Writing Scrapers

This guide covers everything you need to write scrapers that produce clean CSV data for TimeTiles. Scrapers are short scripts that fetch data from websites or APIs, extract the relevant fields, and output rows using the provided helper library.

Python Scrapers

Python is the default runtime. The base image includes Python 3.12 with several popular libraries pre-installed.

Basic Example: Fetching from an API


"""Scrape German public holidays from a public API."""
 
import requests
from timetiles.scraper import output
 
response = requests.get(
    "https://date.nager.at/api/v3/PublicHolidays/2026/DE",
    timeout=30,
)
response.raise_for_status()
 
holidays = response.json()
 
for holiday in holidays:
    output.write_row({
        "title": holiday["localName"],
        "date": holiday["date"],
        "location": "Germany",
        "description": holiday.get("name", ""),
        "url": f"https://date.nager.at/publicholiday/{holiday['date']}/DE",
    })
 
output.save()
print(f"Scraped {output.row_count} events")

Scraping HTML with BeautifulSoup


"""Scrape event listings from an HTML page."""
 
import requests
from bs4 import BeautifulSoup
from timetiles.scraper import output
 
response = requests.get("https://example.com/events", timeout=30)
response.raise_for_status()
 
soup = BeautifulSoup(response.text, "lxml")
 
for card in soup.select(".event-card"):
    title = card.select_one(".event-title")
    date = card.select_one(".event-date")
    venue = card.select_one(".event-venue")
 
    if title and date:
        output.write_row({
            "title": title.get_text(strip=True),
            "date": date.get_text(strip=True),
            "location": venue.get_text(strip=True) if venue else "",
        })
 
output.save()
print(f"Scraped {output.row_count} events")

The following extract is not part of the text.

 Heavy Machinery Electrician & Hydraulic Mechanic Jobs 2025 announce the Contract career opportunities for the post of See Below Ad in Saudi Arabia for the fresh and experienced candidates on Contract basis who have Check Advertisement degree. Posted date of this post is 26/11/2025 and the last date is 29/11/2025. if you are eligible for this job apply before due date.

Paginated API with Error Handling


"""Scrape a paginated API with retry logic."""
 
import requests
from timetiles.scraper import output
 
BASE_URL = "https://api.example.com/events"
MAX_PAGES = 50
 
session = requests.Session()
session.headers.update({"Accept": "application/json"})
 
page = 1
while page <= MAX_PAGES:
    try:
        response = session.get(
            BASE_URL,
            params={"page": page, "per_page": 100},
            timeout=30,
        )
        response.raise_for_status()
    except requests.RequestException as e:
        print(f"Error fetching page {page}: {e}")
        break
 
    data = response.json()
    events = data.get("results", [])
 
    if not events:
        break
 
    for event in events:
        output.write_row({
            "title": event["name"],
            "date": event["start_date"],
            "location": event.get("venue", {}).get("name", ""),
            "latitude": event.get("venue", {}).get("lat", ""),
            "longitude": event.get("venue", {}).get("lng", ""),
            "description": event.get("description", ""),
            "url": event.get("url", ""),
        })
 
    page += 1
 
output.save()
print(f"Scraped {output.row_count} events across {page - 1} pages")

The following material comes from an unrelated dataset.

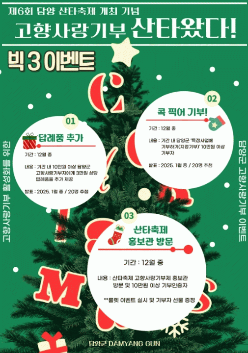 기간 내 전남 담양군에 10만 원 이상 기부자에게 추첨을 통해 답례품을 추가 증정하는 ‘답례품 추가 증정 이벤트’와 함께 11월 모금을 개시한 담양군 지정기부에 참여하는 기부자에 추가 답례품을 증정하는 ‘콕 찍어 기부!’가 진행된다.

Using Pandas for Data Transformation


"""Fetch a JSON dataset and transform it with pandas."""
 
import pandas as pd
import requests
from timetiles.scraper import output
 
response = requests.get("https://api.example.com/dataset.json", timeout=60)
response.raise_for_status()
 
df = pd.DataFrame(response.json())
 
# Filter and transform
df = df[df["status"] == "confirmed"]
df["date"] = pd.to_datetime(df["timestamp"]).dt.strftime("%Y-%m-%d")
df = df.rename(columns={"venue_name": "location", "event_name": "title"})
 
for _, row in df.iterrows():
    output.write_row({
        "title": row["title"],
        "date": row["date"],
        "location": row["location"],
    })
 
output.save()
print(f"Scraped {output.row_count} events")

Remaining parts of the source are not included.